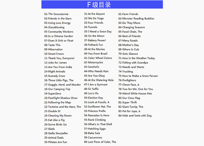 2、各大体系的英文分级读物各有各的优势,建议相互穿插,可以根据每个孩子不同的口味进行选择和调整,通过大量的阅读来建立孩子阅读的能力和知识扩充。家长千万不要为了“完成级别”而强行逼迫孩子读不喜欢的主题,尤其是学龄前,英语学习还是以兴趣为主。
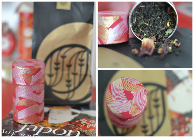 Et puis toujours de Françoise, une boîte de thé !! Une boîte magnifique, élégante, et le thé aux arômes fabuleux, pétales de rose, menthe, jasmin. Mmm.
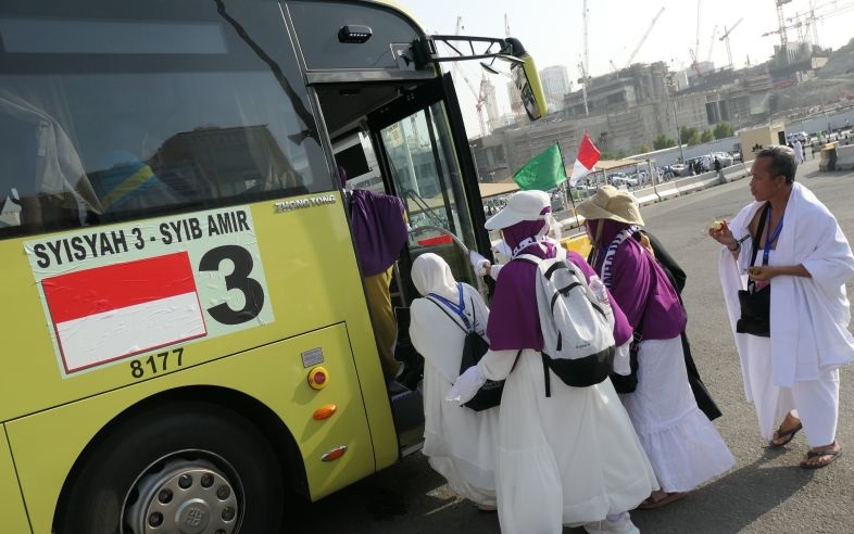 Jamaah calon haji Indonesia menaiki bus Shalawat seusai beribadah di Terminal Syib Amir, Makkah, Arab Saudi, Kamis (23/5/2024). Pemerintah Indonesia menyatakan pada musim haji 1445/ 2024 M menyiapkan total 450 bus Shalawat di Makkah yang melayani jamaah dari titik akomodasi atau pemondokkan menuju terminal Syib Amir dan Jiad di kawasan Masjidil Haram, dengan 76 halte, dan 22 rute. ANTARA FOTO/Sigid Kurniawan. (ds/ANTARA FOTO/SIGID KURNIAWAN)
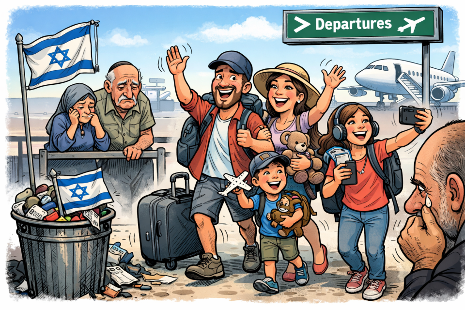 תמיד היו כאלה שעזבו. לפני עשור זו הייתה מחאת המילקי; היום זו הריצה לממ"ד. זה מזכיר לי את הבדיחה על מי שהיה בטלן, וכשהגיע המיתון – נעשה מובטל. למען הסר ספק: לכל אחד הזכות לחיות היכן שיבחר. כבר בשנות השבעים הסתייגתי מאמירתו הבוטה של יצחק רבין – "נפולת של נמושות" – כלפי היורדים. יש לי חברים החיים בקליפורניה, ניו יורק, יוהנסבורג ובנגקוק. איני שופט אותם; אני מכבד את בחירתם. צר לי שהם מותירים אותנו לבד מול האויבים מבחוץ ומבפנים. לו נשארו כאן, אולי היו מסייעים לנו להפוך את הבית הזה לטוב יותר. אך זו בחירתם, וזוהי זכותם.

━━━━━━

> **EXERCISE**
Range to copy from the listing above: the line with "Et puis toujours" through the line with "Jamaah calon haji". Transcribe it exactly and skip the pictures.

> **TASK RESULT**
 Et puis toujours de Françoise, une boîte de thé !! Une boîte magnifique, élégante, et le thé aux arômes fabuleux, pétales de rose, menthe, jasmin. Mmm.
 Jamaah calon haji Indonesia menaiki bus Shalawat seusai beribadah di Terminal Syib Amir, Makkah, Arab Saudi, Kamis (23/5/2024). Pemerintah Indonesia menyatakan pada musim haji 1445/ 2024 M menyiapkan total 450 bus Shalawat di Makkah yang melayani jamaah dari titik akomodasi atau pemondokkan menuju terminal Syib Amir dan Jiad di kawasan Masjidil Haram, dengan 76 halte, dan 22 rute. ANTARA FOTO/Sigid Kurniawan. (ds/ANTARA FOTO/SIGID KURNIAWAN)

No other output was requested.